** Data below **
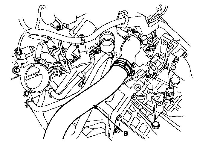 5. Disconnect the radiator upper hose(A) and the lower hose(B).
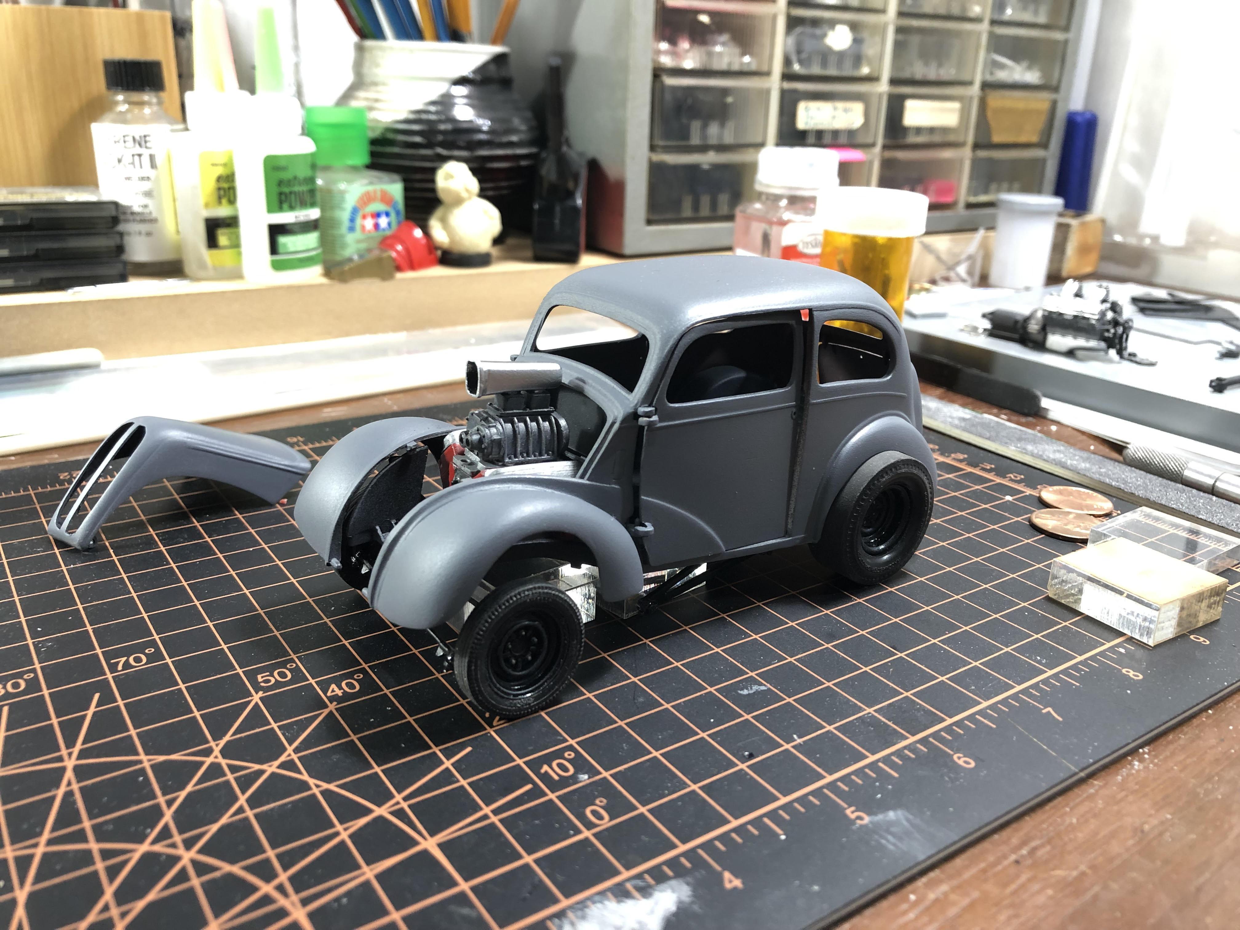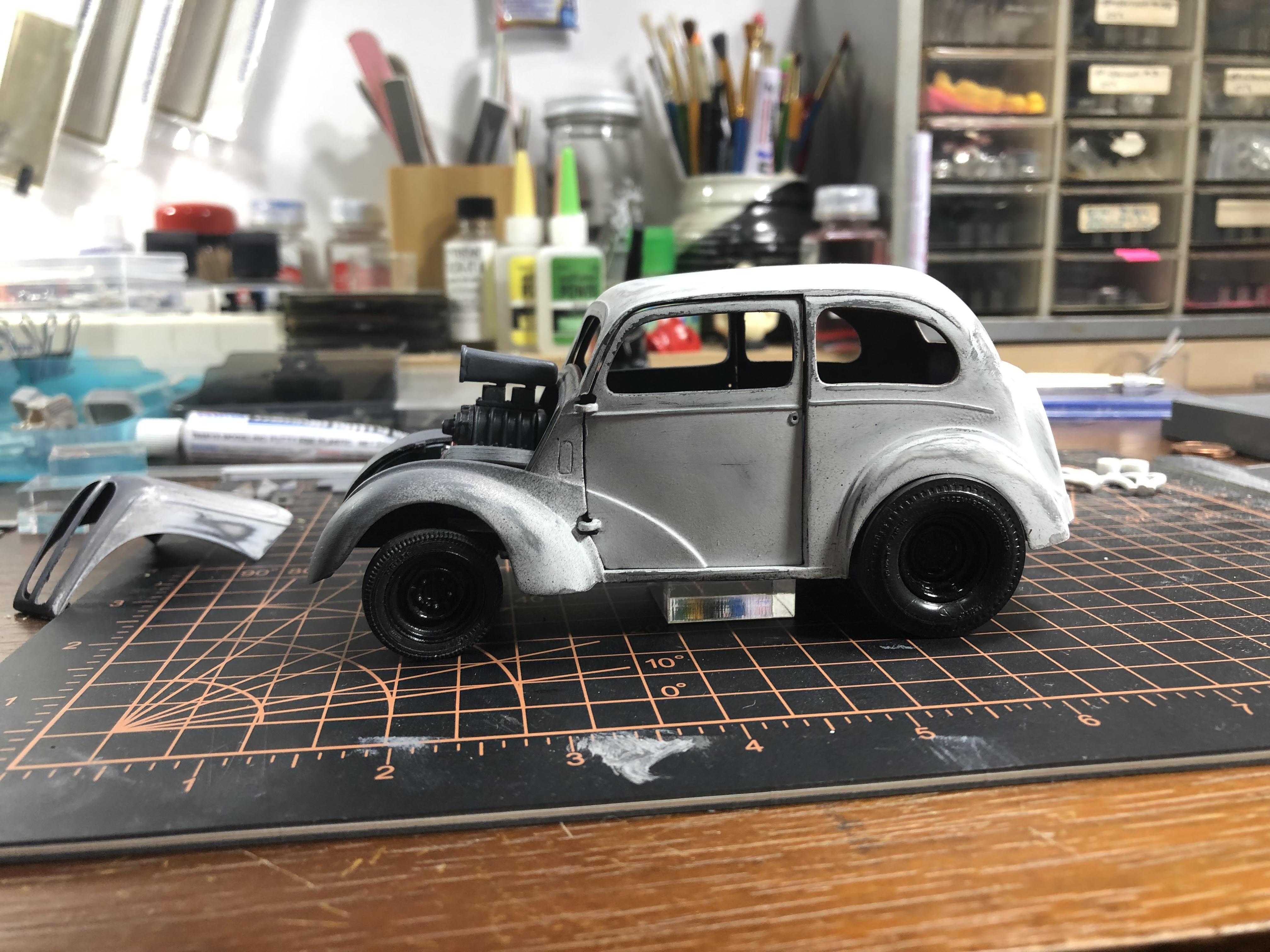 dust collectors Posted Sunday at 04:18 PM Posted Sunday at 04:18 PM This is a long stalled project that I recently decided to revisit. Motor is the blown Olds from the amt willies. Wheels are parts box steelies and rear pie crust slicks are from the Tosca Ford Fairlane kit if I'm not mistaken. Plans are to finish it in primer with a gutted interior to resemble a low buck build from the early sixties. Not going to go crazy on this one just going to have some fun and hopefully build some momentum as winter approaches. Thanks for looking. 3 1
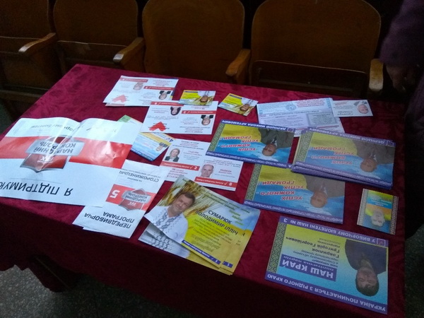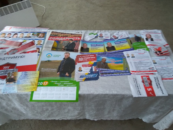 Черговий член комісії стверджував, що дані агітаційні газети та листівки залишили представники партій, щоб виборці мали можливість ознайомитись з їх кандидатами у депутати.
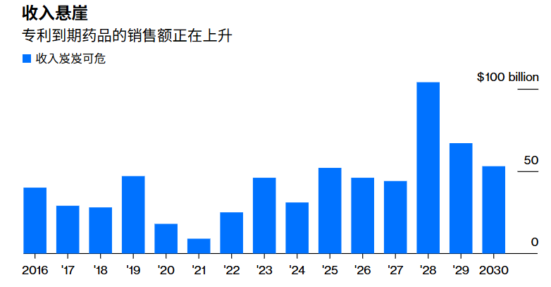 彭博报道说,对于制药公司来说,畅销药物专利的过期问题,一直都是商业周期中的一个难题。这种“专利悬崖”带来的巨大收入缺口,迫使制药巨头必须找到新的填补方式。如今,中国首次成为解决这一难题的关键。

** Task details **
Please give again only those lines that run from the one containing "Черговий член комісії" through the final line of the listing, both included, exactly as written and without pictures.

** Answer below **
 Черговий член комісії стверджував, що дані агітаційні газети та листівки залишили представники партій, щоб виборці мали можливість ознайомитись з їх кандидатами у депутати.
 彭博报道说,对于制药公司来说,畅销药物专利的过期问题,一直都是商业周期中的一个难题。这种“专利悬崖”带来的巨大收入缺口,迫使制药巨头必须找到新的填补方式。如今,中国首次成为解决这一难题的关键。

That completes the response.